There are several types of marketing that you can use for get more clients for your mortgage business.
There is traditional branding and direct response. But, what is the difference between these two types of marketing, and which one is the best to use?
In this post, we’ll spend some time talking about brand marketing and its effects on your financial, insurance, real estate or mortgage practice.
Let’s first dive into what brand marketing is. Brand marketing is all about getting recognition for yourself or your company. Think about some of the large companies out there. Think about the commercials that you typically see. They all have one thing in common; they use brand marketing.
Brand marketing is important to some degree because you want your prospects to know about you and eventually give you their business because you are the one that they have in mind when they are thinking about obtaining the services you provide.
However, the downside of brand marketing is that it often takes way too much money to even begin to penetrate a market. The other negative part of brand marketing is the fact that you can’t really track your true ROI, or return on investment for your marketing dollars.

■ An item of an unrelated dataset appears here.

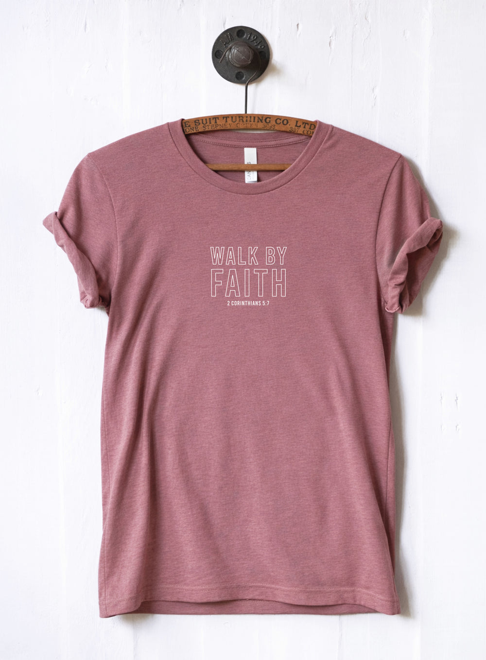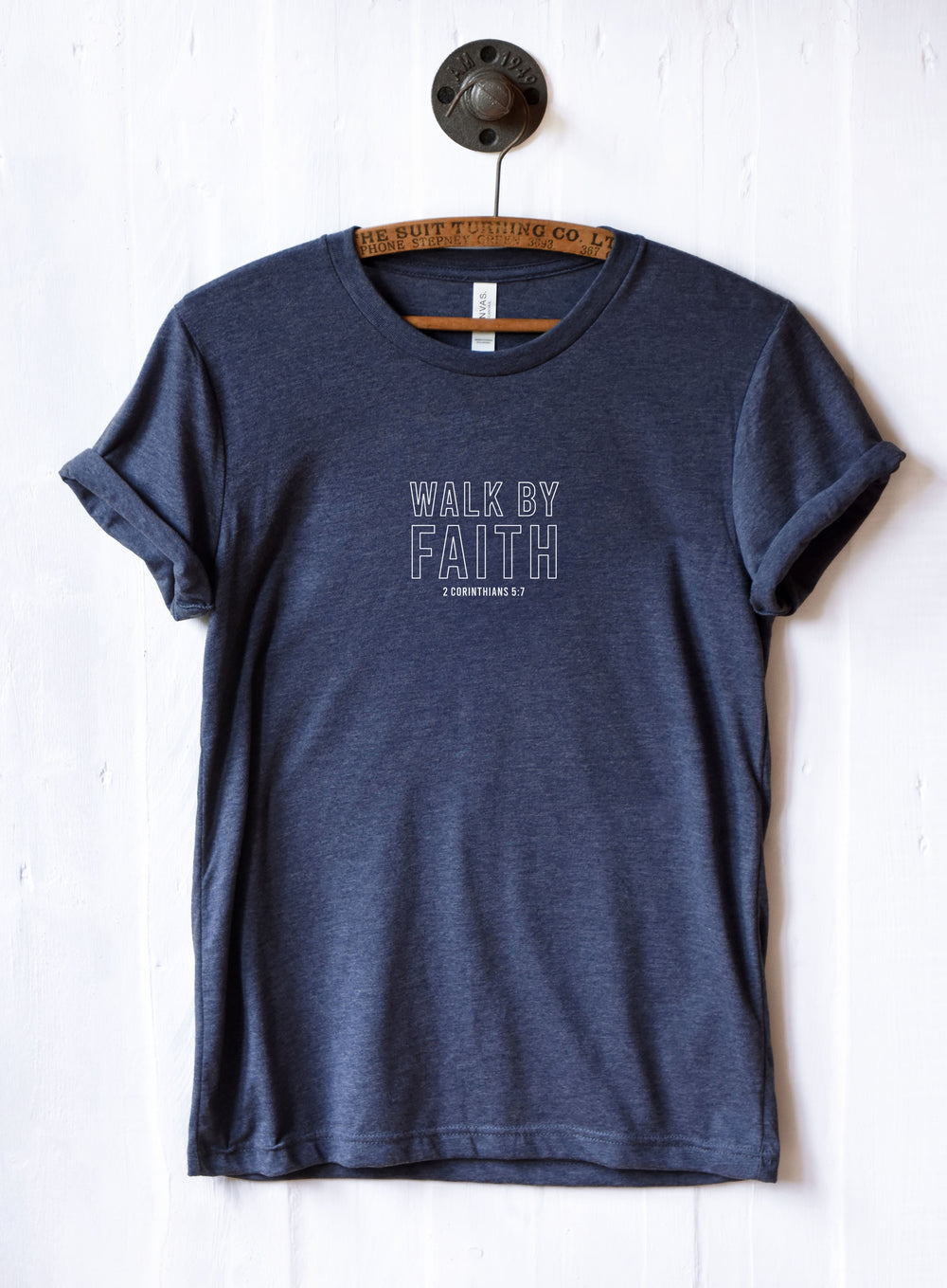 'Walk by faith' in simple, modern outline font with '2 Corinthians 5:7' in a solid font below.

Let’s say you buy space on a few billboards in your area. This branding gets your face or company out there, however, its very difficult to know exactly how many new loans are coming in because of the billboards.
So, a few months later, you have a $1500 – $3000 bill for the billboard space and you have absolutely no idea what they actually generated you in new revenues.
As you can see, brand marketing is good to some extent. However, for a person with a limited marketing budget, it may not be the best bang for your buck.